> [The task] Your answer must be the lines from the first record through the line that contains "Chaque élément de", copied exactly and without any pictures.

Collected data entries
★ ★ ★

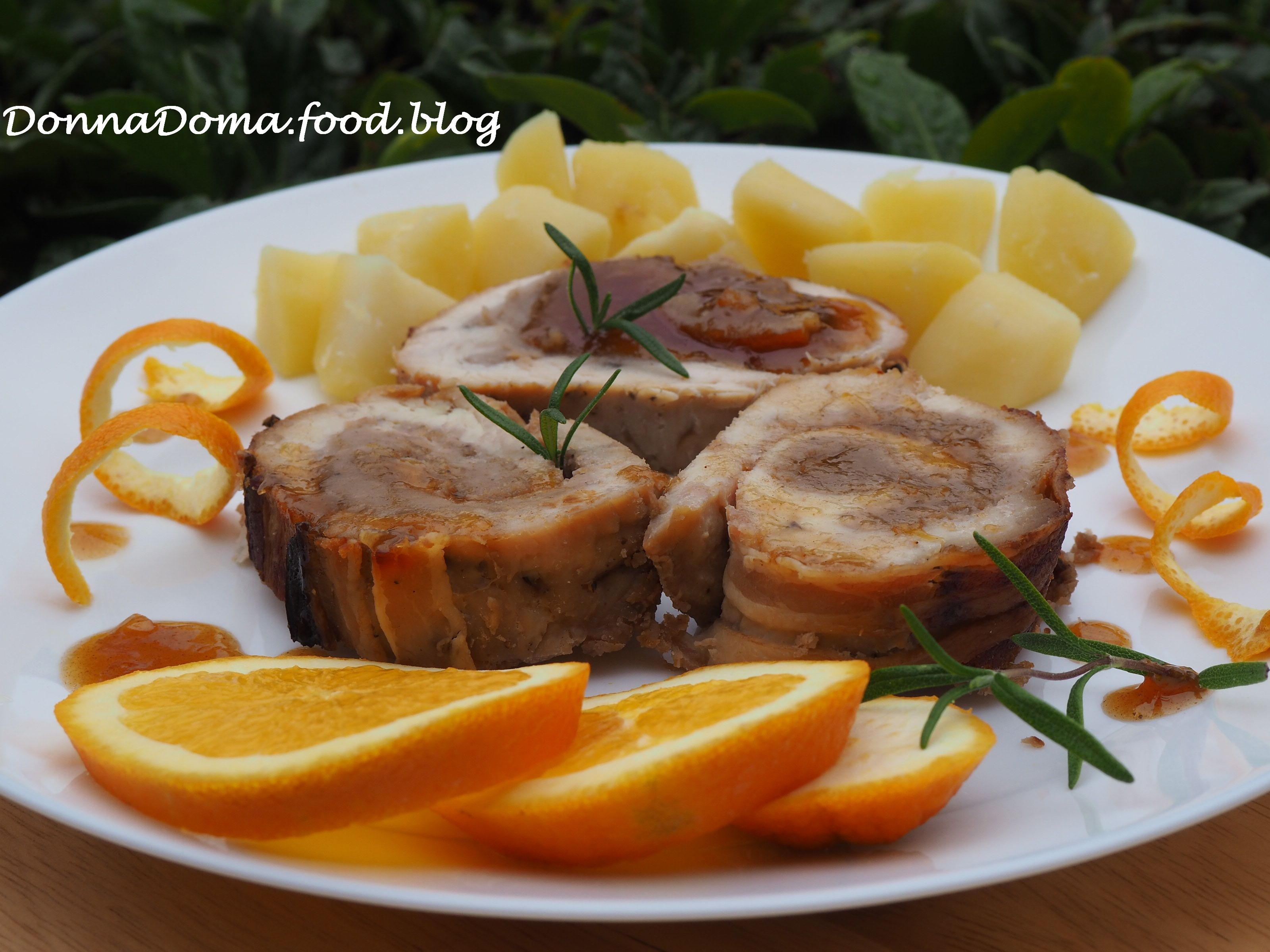 Ha pirosra, ropogósra sült a bacon, a félretett mázzal meglocsolom, majd deszkán szeletekre vágom, és főtt burgonyával és a narancsmártással jól meglocsolva tálalom a szépséges gesztenyés tekercseket.
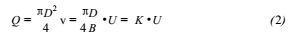 式(1)說(shuō)明,導(dǎo)體在磁場(chǎng)內(nèi)作切割磁力線運(yùn)動(dòng),導(dǎo)體兩端產(chǎn)生的感應(yīng)電動(dòng)勢(shì)的大小與磁感應(yīng)強(qiáng)度B成正比,與導(dǎo)體的長(zhǎng)度D成正比,與導(dǎo)體運(yùn)動(dòng)的速度v成正比。由式(2)可知液體的體積流量與感應(yīng)電動(dòng)勢(shì)成正比,這就是印染廢水流量計(jì)的設(shè)計(jì)原理。
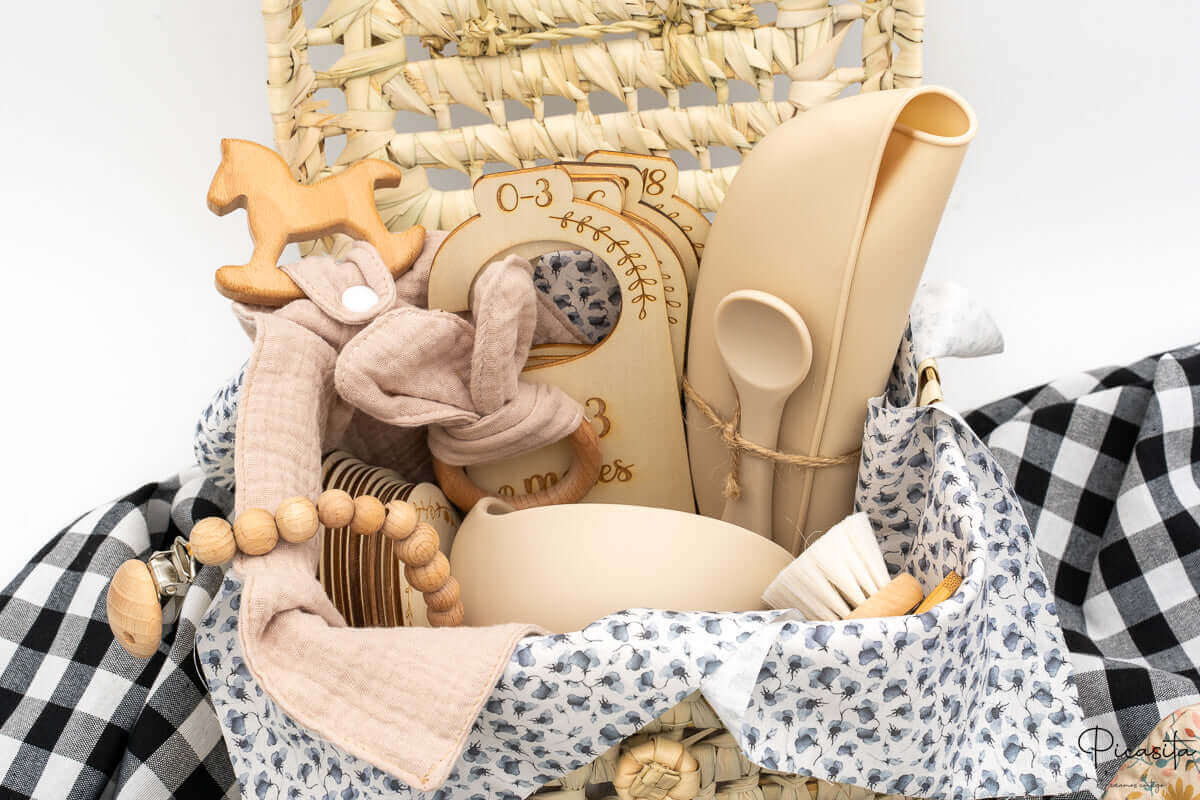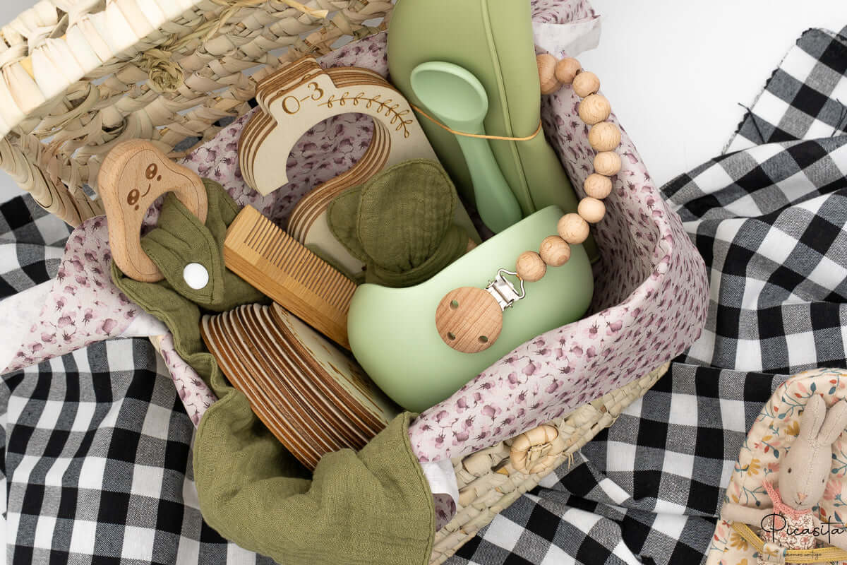 Chaque élément de ce charmant panier bébé a été soigneusement sélectionné en fonction des besoins réels des premiers mois de vie. On y trouve la délicatesse du silicone aux tons doux et poudrés, la chaleur inimitable du bois naturel et la douceur respirante des mousselines. Ce panier pour bébé est la fusion parfaite entre une esthétique rustique intemporelle et une fonctionnalité moderne.
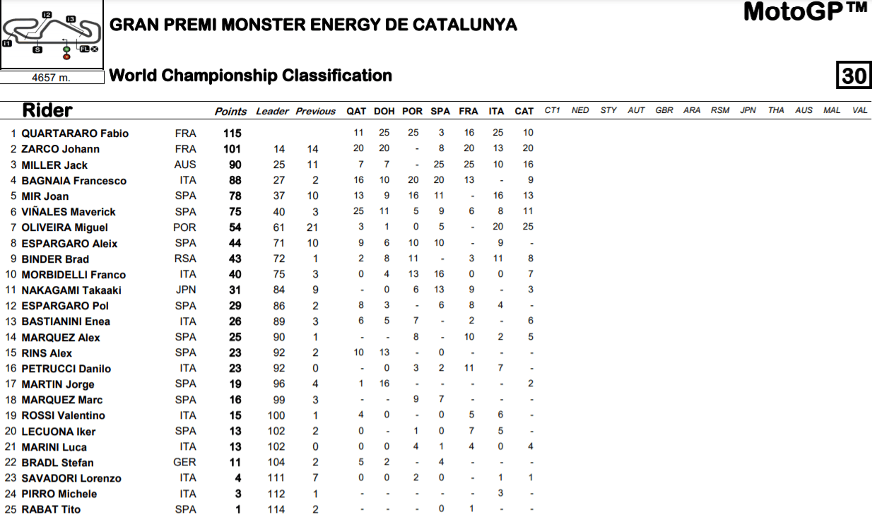 Pour finir, Fabio Quartararo, au reçu de sa pénalité, a commenté dans une story Instagram : « Félicitations à toutes les personnes qui sont allés se plaindre pour une pénalité supplémentaire. Je n’ai mis personne en danger, et il était déjà suffisamment difficile pour moi de piloter. Mais super de voir la vraie face de certaines personnes. Je tiens juste à remercier tous les gens qui me soutiennent et qui m’aident dans ces moments difficiles. On se voit à la prochaine. » Pourtant, si la Direction de Course avait été bien réveillée et avait scrupuleusement appliqué le règlement, c’est un drapeau noir avant l’arrivée que le Français aurait reçu. Synonyme de zéro point au championnat.
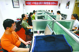 王汝鵬用“井噴式的捐款”來(lái)形容這次的捐款狀態(tài)。他說(shuō),常態(tài)時(shí),紅基會(huì)平均每天接受幾十或上百筆捐款。而地震發(fā)生后,每天捐款數(shù)額激增到五六萬(wàn)筆!
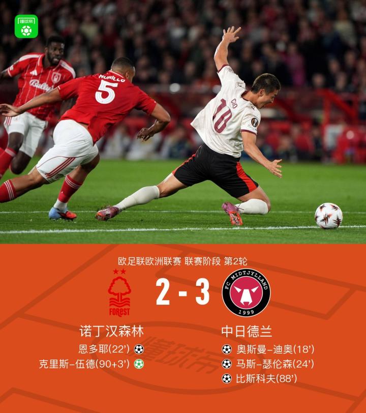 中日德兰3-2诺丁汉森林,比斯科夫破门,马斯-瑟伦森传射
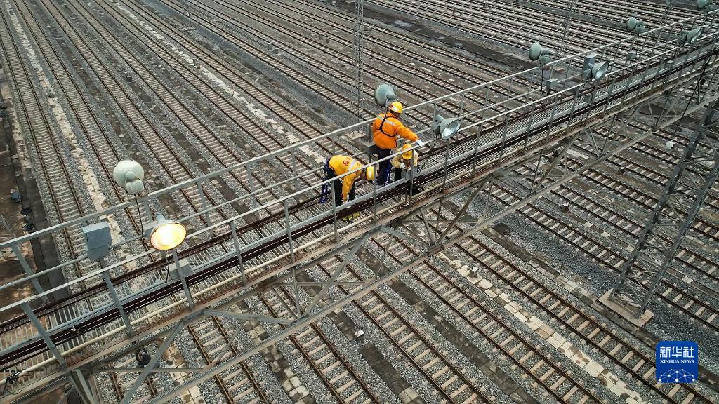 春運期間,中國鐵路南寧局集團有限公司南寧動(dòng)車(chē)所的接觸網(wǎng)工們要定期登上24米高、120米長(cháng)的燈橋,對列車(chē)運行徑路的燈塔、燈橋、電力鋼柱開(kāi)展專(zhuān)項排查檢修,確保亮燈率在80%以上,保障運行高峰期列車(chē)平安出行。
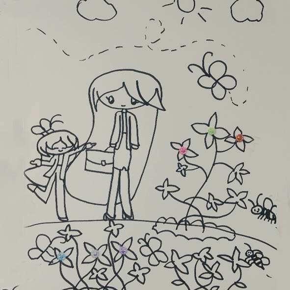 위의 그림은 미쳐 색칠은 못했지만 표현력이 아주 뛰어난 그림입니다. 한참을 생각하더니 검은색 사인펜으로 그린 것입니다. 연필로 밑그림을 그린 것도 아니고 바로 그린 것인데 이리 저리 움직이는 듯한 개나리꽃의 구성도 짜임새가 있고 두 마리의 벌들이 날아오는 모습을 표현한 것도 재미있습니다. 나비도 어디론가 날아가고 있어요. 신난 표정을 하고 있는 아이의 머리 위로 나비 한 마리가 앉아있네요. 이 아이는 엄마와 함께 어디를 가고 있는 것일까요?
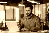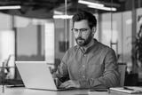 A young man in a shirt and glasses is working concentratedly in a modern office at a laptop, typing on a keyboard
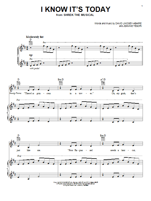 Download or print David Lindsay-Abaire I Know It's Today sheet music, chords and digital score arranged for Lead Sheet / Fake Book. This Children score includes 4 page(s).
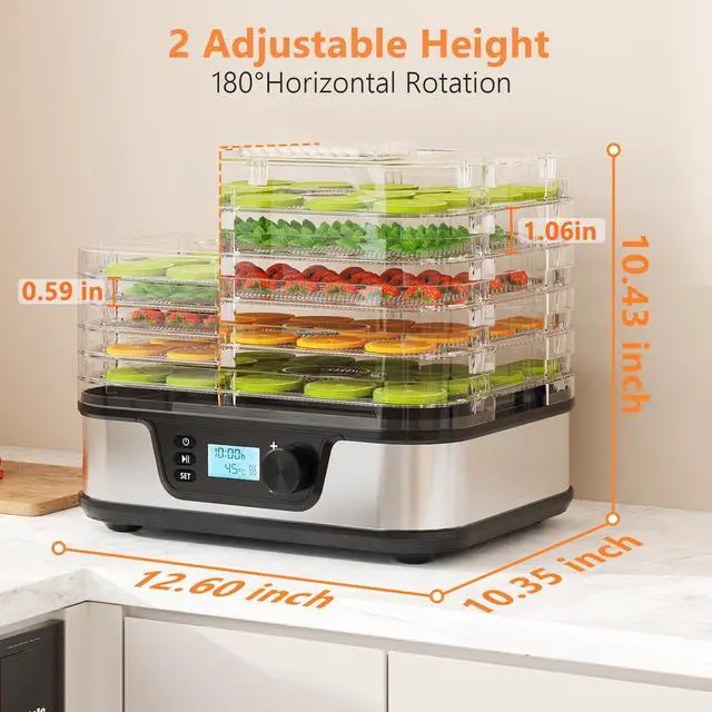 5 Height Adjustable TraysThe food dehydrator machine features 5 BPA-free trays that offer two adjustable heights, with a minimum height of 0.59 inches and a maximum height of 1.06 inches, providing ample drying space for various food sizes that allow you to dry different foods, fruits, and veggies at once.
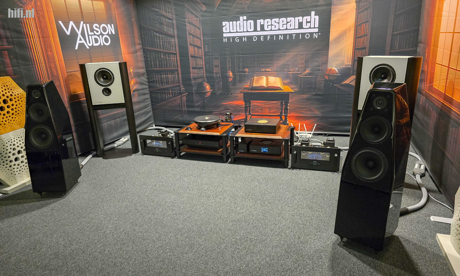 Een beetje een gekke manier van opstellen, zo'n setje Wilson Audio Sabrina V's met daarachter een paar Grimm Audio LS1a's. Maar los van hoe het visueel presenteerden, wisten de Audio Research-versterkers alles goed te maken, net als die Grimm MU2-streamer en de PW1-phonotrap, waardoor het sonisch helemaal klopte.
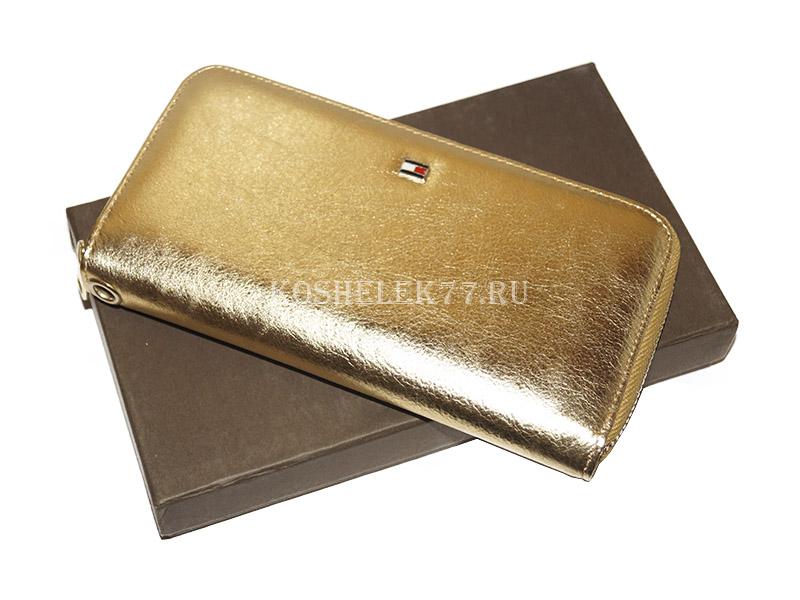 Кошелек Томми Хилфигер на молнии золотой
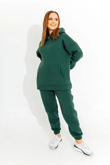Трикотажный спортивный женский костюм оверсайз из высококачественного теплого футера класса Пенье состоит из худи(рукав реглан) и брюк джоггеров с высокой посадкой . Объемный двойной капюшон отлично держит форму, функциональный карман кенгуру, манжеты рукавов из довяза(кашкорсе). Брюки с высокой посадкой на резинке без шнурка, низ на резинке с боковыми карманами. Премиальное качество.
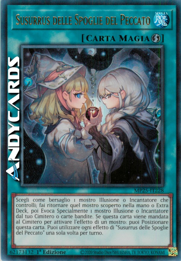 Scegli come bersaglio 1 mostro Illusione o Incantatore che controlli; fai ritornare quel mostro scoperto nella mano o Extra Deck, poi Evoca Specialmente 1 mostro Illusione o Incantatore dal tuo Cimitero o carte bandite. Se questa carta viene mandata al Cimitero per attivare l'effetto di un mostro: puoi Posizionare questa carta. Puoi utilizzare ogni effetto di "Susurrus delle Spoglie del Peccato" una sola volta per turno.
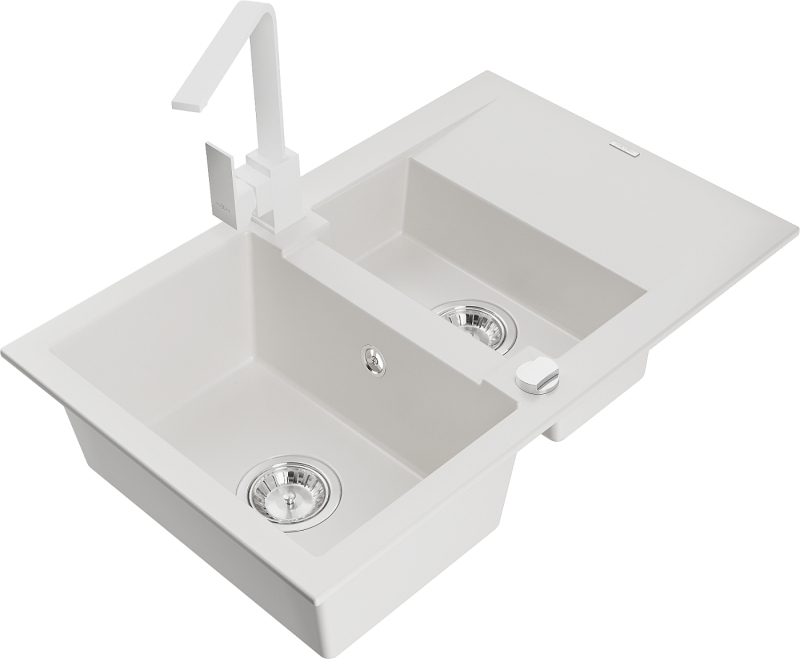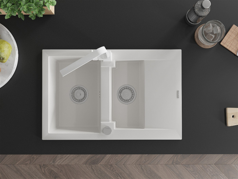 Mexen Gaspar 1,5-miskový granitový drez s odkvapkávačom a kuchynskou batériou Rita, biela - 6507-20-670300-20
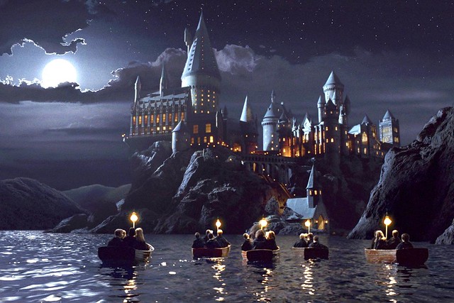 ▼霍格華茲一年級的新生乘坐霍格華茲特快車前往霍格華茲。在抵達活米村車站之後,會跟獵場看守一起乘坐小船穿過大湖,來到霍格華茲城堡的下面;接著在這之後,他們將會藉由分院儀式被分入不同的學院。
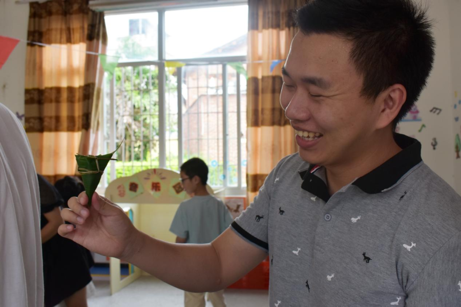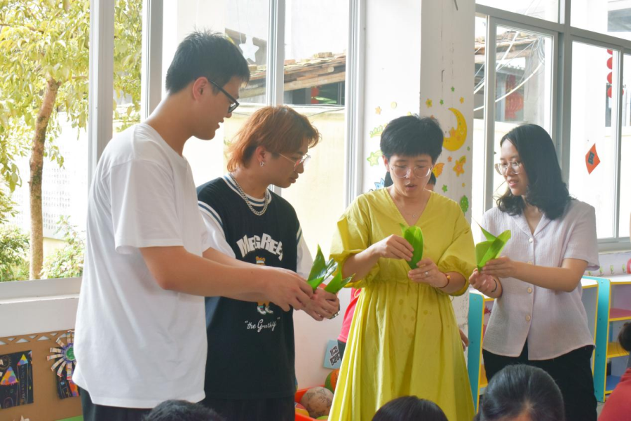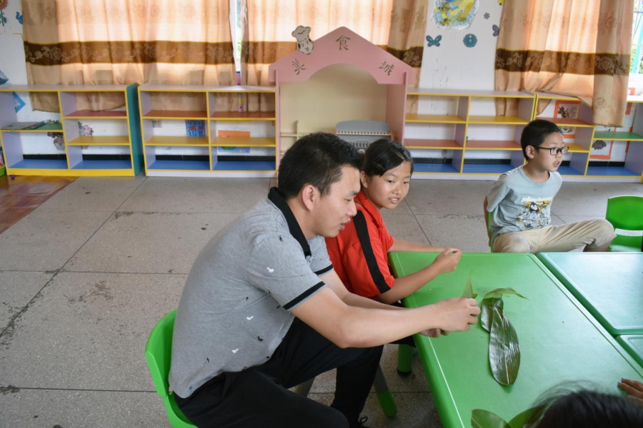 组织员杨娴、辅导员朱长山、陈静宜老师和孩子们围坐在一起,现场指导孩子们如何包粽子。
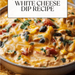 This creamy Mexican white cheese dip is a smooth, flavorful sauce made with melted white American cheese, green chilies, and a blend of aromatic spices. Perfect for dipping chips or enhancing tacos, enchiladas, and grilled meats, it’s easy to prepare on the stovetop and delivers authentic Mexican-inspired taste with a rich, velvety texture.
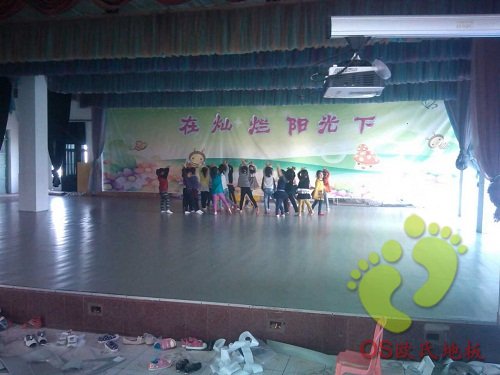 招遠市實驗幼兒園鋪設歐氏進口舞蹈地板296平方米,分為兩個舞臺,顏色為常見的淺灰色,鋪設方法采用固定式安裝。

★ ★ ★

> [Reply]
 Ha pirosra, ropogósra sült a bacon, a félretett mázzal meglocsolom, majd deszkán szeletekre vágom, és főtt burgonyával és a narancsmártással jól meglocsolva tálalom a szépséges gesztenyés tekercseket.
 式(1)說(shuō)明,導(dǎo)體在磁場(chǎng)內(nèi)作切割磁力線運(yùn)動(dòng),導(dǎo)體兩端產(chǎn)生的感應(yīng)電動(dòng)勢(shì)的大小與磁感應(yīng)強(qiáng)度B成正比,與導(dǎo)體的長(zhǎng)度D成正比,與導(dǎo)體運(yùn)動(dòng)的速度v成正比。由式(2)可知液體的體積流量與感應(yīng)電動(dòng)勢(shì)成正比,這就是印染廢水流量計(jì)的設(shè)計(jì)原理。
 Chaque élément de ce charmant panier bébé a été soigneusement sélectionné en fonction des besoins réels des premiers mois de vie. On y trouve la délicatesse du silicone aux tons doux et poudrés, la chaleur inimitable du bois naturel et la douceur respirante des mousselines. Ce panier pour bébé est la fusion parfaite entre une esthétique rustique intemporelle et une fonctionnalité moderne.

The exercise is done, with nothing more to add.